> Exercise goal:
Only one stretch of the data below is needed: the line with "Hay asientos en la barra en la parte delantera" through the last line. Output it exactly and drop the pictures.

> Data section:

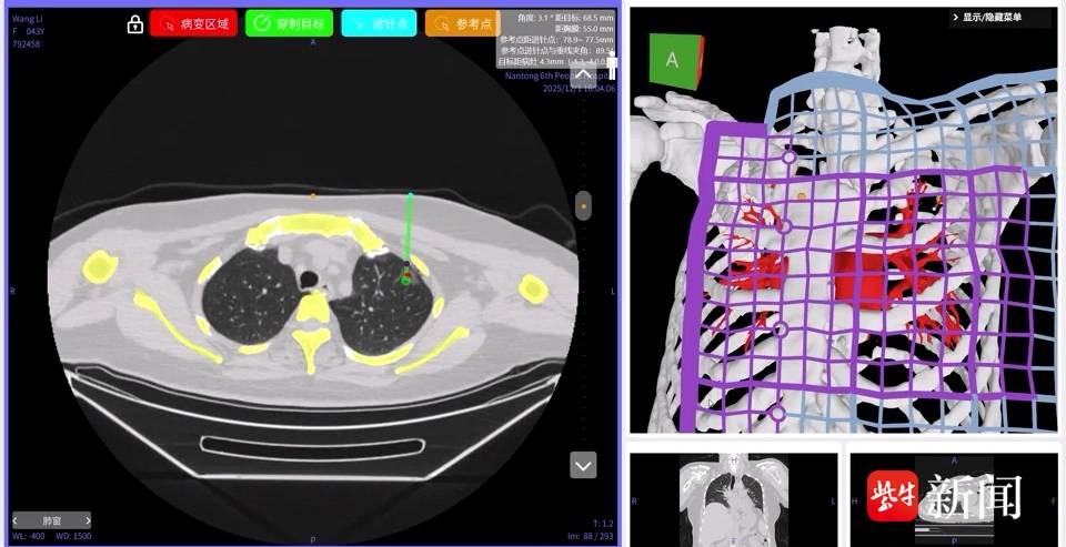 CT影像导入系统后,患者的“数字胸部器官”自动呈现在眼前,并同步显示在电脑屏幕上。通过调整视角锁定结节位置后,张主任手持定位针,循着导航提示的最优路径,巧妙避开肋骨和重要血管,精准将“伞形”标记物送达目标区域并成功释放。
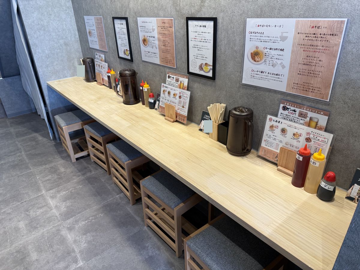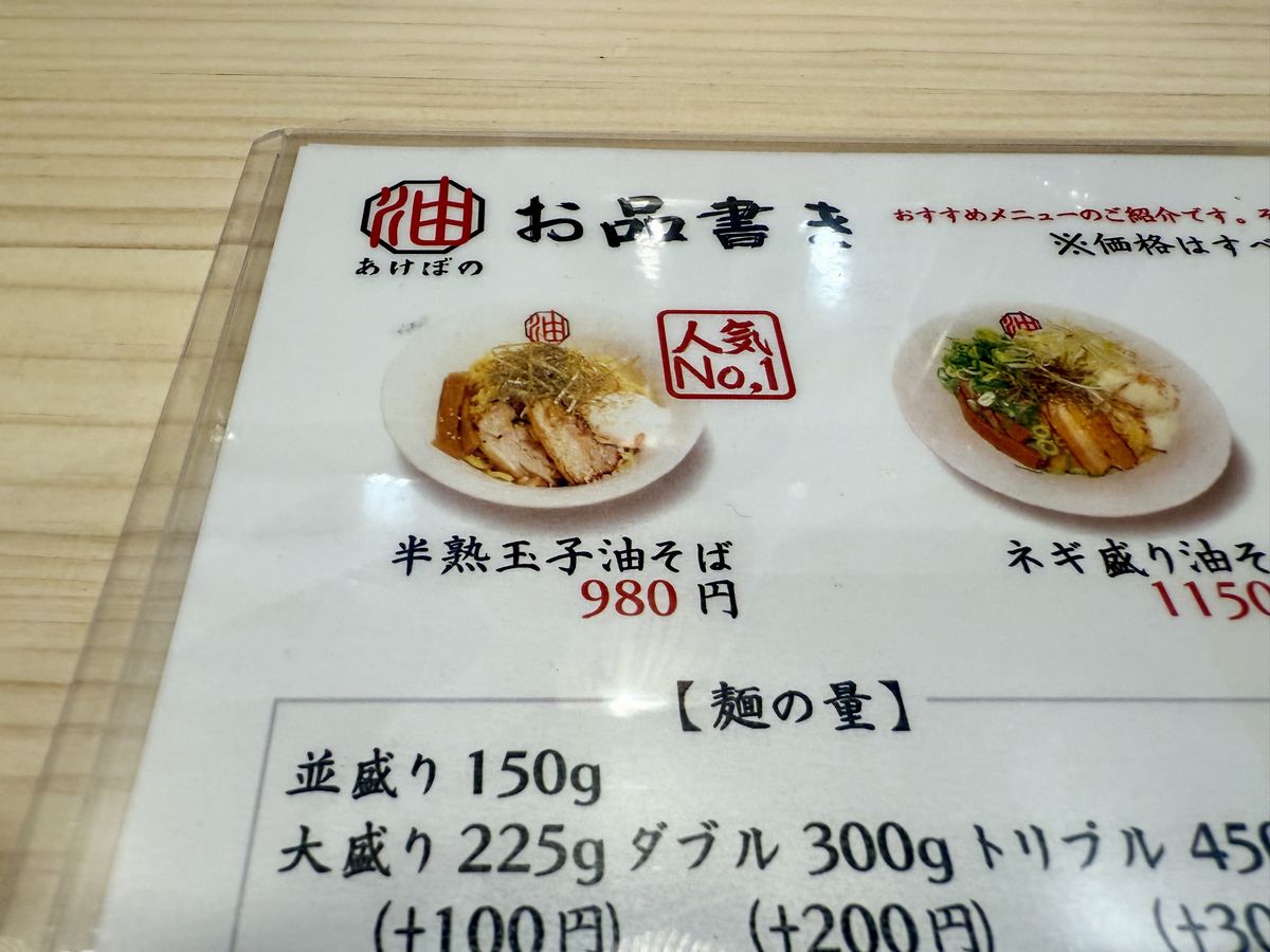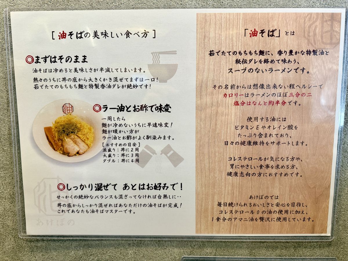 Hay asientos en la barra en la parte delantera del local.También hay asientos en la barra en la parte trasera.Más adentro, hay dos mesas para dos personas y una mesa para cuatro.Esta es la carta de ‘Abura Soba Akebono Kaiyukan Osaka Minato Store’.¡Esta vez pedimos el ‘Hanjuku Tamago Abura Soba’ (Fideos al huevo pochado)!
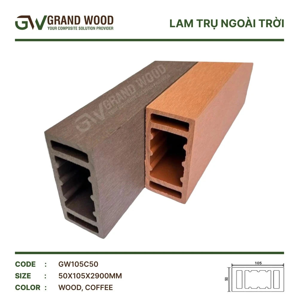 Đặc điểm của Thanh lam gỗ nhựa ngoài trời Grand Wood GW105C50
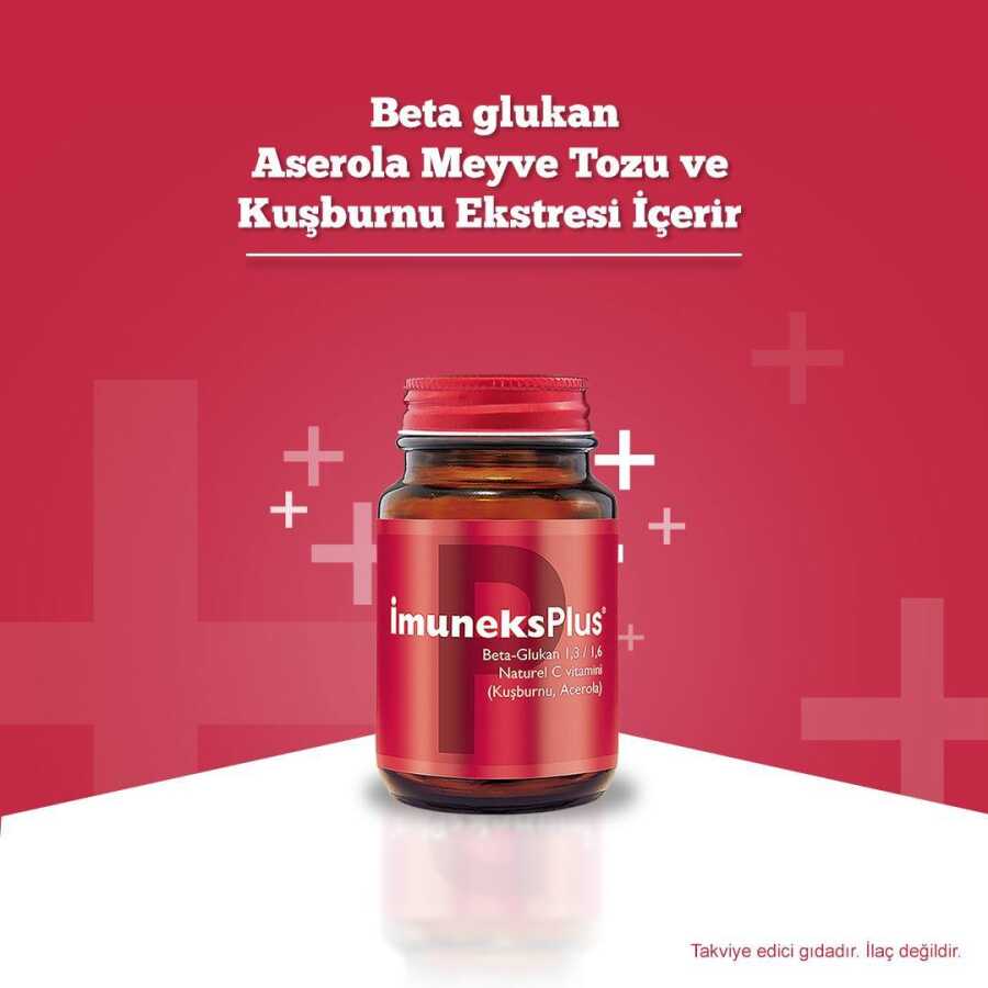 İmuneksPlus Beta Glukan 1,3/1,6 Aserola Meyve Tozu ve Kuşburnu Ekstresi içeren takviye edici gıdadır.

> Reply:
 Hay asientos en la barra en la parte delantera del local.También hay asientos en la barra en la parte trasera.Más adentro, hay dos mesas para dos personas y una mesa para cuatro.Esta es la carta de ‘Abura Soba Akebono Kaiyukan Osaka Minato Store’.¡Esta vez pedimos el ‘Hanjuku Tamago Abura Soba’ (Fideos al huevo pochado)!
 Đặc điểm của Thanh lam gỗ nhựa ngoài trời Grand Wood GW105C50
 İmuneksPlus Beta Glukan 1,3/1,6 Aserola Meyve Tozu ve Kuşburnu Ekstresi içeren takviye edici gıdadır.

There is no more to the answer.